Exercise description: Look through the records below for the line holding "These wands are". Write it out exactly, with each following line through the line holding "2 Pack Beware".
Material for this exercise: Begin
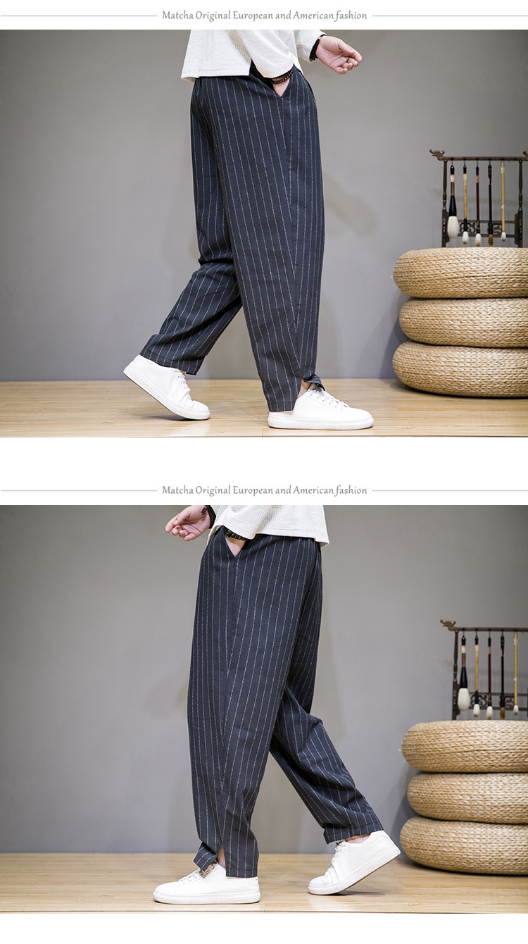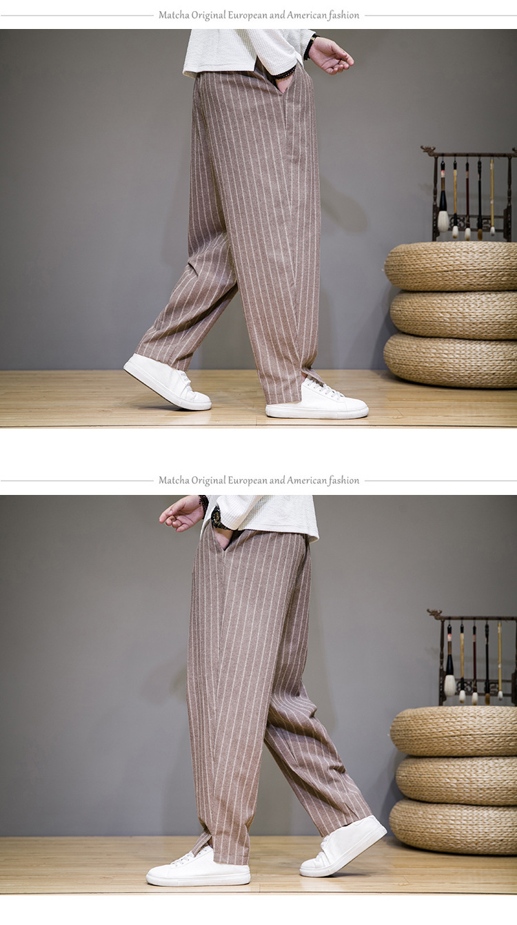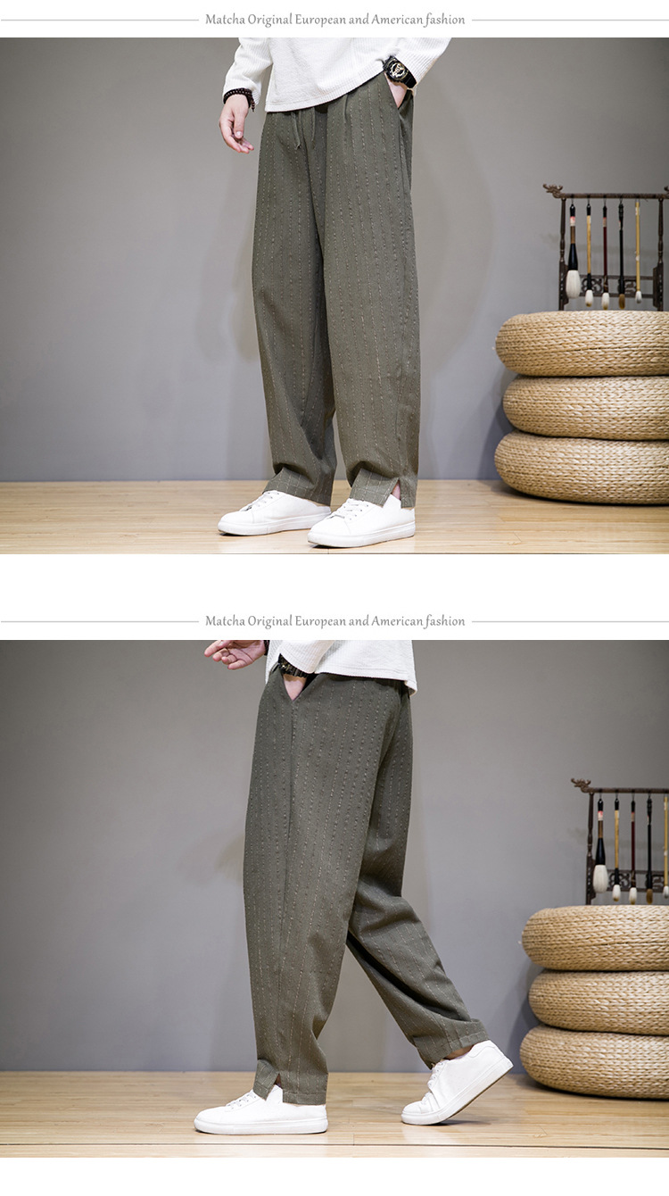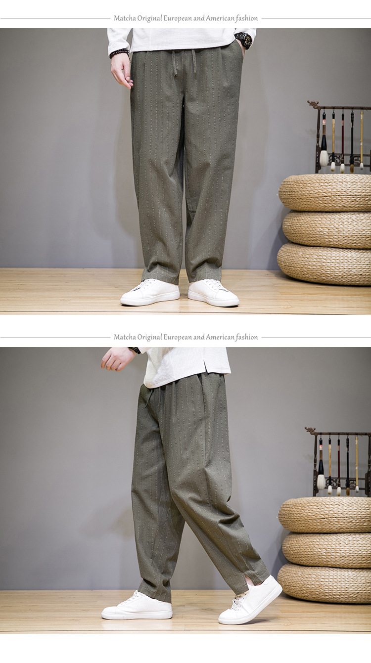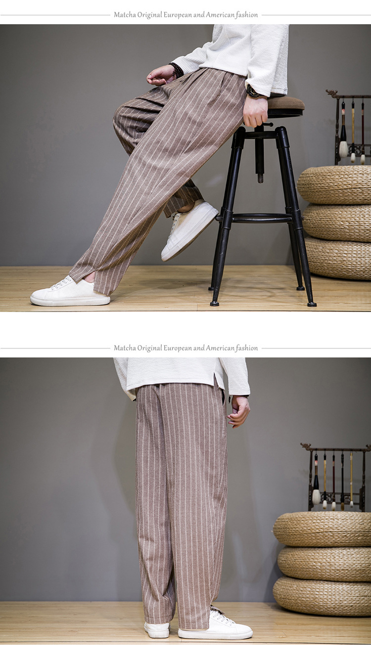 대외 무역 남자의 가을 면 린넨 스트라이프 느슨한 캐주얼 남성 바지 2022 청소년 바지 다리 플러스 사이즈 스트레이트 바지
Material for this exercise: End
Material for this exercise: Begin
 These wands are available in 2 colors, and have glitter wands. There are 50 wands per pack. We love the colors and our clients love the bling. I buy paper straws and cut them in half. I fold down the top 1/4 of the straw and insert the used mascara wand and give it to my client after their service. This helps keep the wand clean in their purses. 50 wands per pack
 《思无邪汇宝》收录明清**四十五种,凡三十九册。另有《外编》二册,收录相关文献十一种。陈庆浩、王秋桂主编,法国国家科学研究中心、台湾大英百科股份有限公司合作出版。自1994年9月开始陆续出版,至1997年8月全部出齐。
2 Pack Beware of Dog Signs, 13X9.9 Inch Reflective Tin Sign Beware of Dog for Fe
Material for this exercise: End
Response to the exercise:
 These wands are available in 2 colors, and have glitter wands. There are 50 wands per pack. We love the colors and our clients love the bling. I buy paper straws and cut them in half. I fold down the top 1/4 of the straw and insert the used mascara wand and give it to my client after their service. This helps keep the wand clean in their purses. 50 wands per pack
 《思无邪汇宝》收录明清**四十五种,凡三十九册。另有《外编》二册,收录相关文献十一种。陈庆浩、王秋桂主编,法国国家科学研究中心、台湾大英百科股份有限公司合作出版。自1994年9月开始陆续出版,至1997年8月全部出齐。
2 Pack Beware of Dog Signs, 13X9.9 Inch Reflective Tin Sign Beware of Dog for Fe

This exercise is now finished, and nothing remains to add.